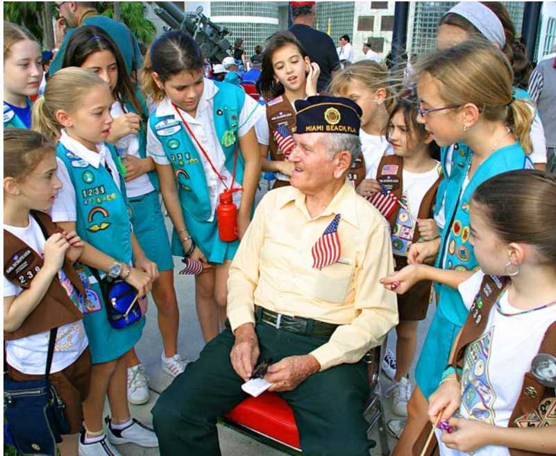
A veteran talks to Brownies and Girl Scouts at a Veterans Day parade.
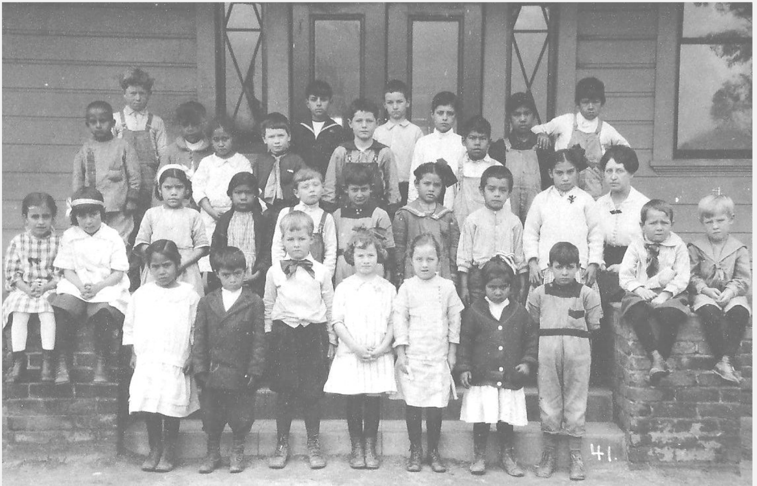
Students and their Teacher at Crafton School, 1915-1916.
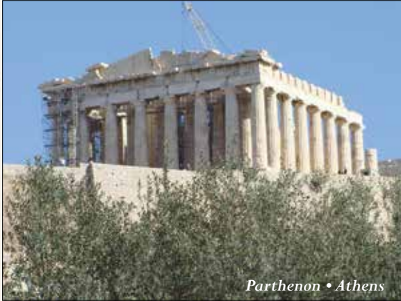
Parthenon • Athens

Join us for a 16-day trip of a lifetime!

===============

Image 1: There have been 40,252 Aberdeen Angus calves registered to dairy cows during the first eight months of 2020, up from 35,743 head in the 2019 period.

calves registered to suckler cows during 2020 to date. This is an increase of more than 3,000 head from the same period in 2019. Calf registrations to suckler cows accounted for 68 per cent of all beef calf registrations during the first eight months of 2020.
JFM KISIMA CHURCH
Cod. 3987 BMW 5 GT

===============

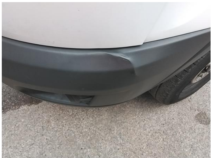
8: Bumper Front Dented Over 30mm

===============

ABOUT THIS EXERCISE: Only lines with the word "during" are wanted. Find and copy them from the records above.

EXERCISE RESULT:
Image 1: There have been 40,252 Aberdeen Angus calves registered to dairy cows during the first eight months of 2020, up from 35,743 head in the 2019 period.
calves registered to suckler cows during 2020 to date. This is an increase of more than 3,000 head from the same period in 2019. Calf registrations to suckler cows accounted for 68 per cent of all beef calf registrations during the first eight months of 2020.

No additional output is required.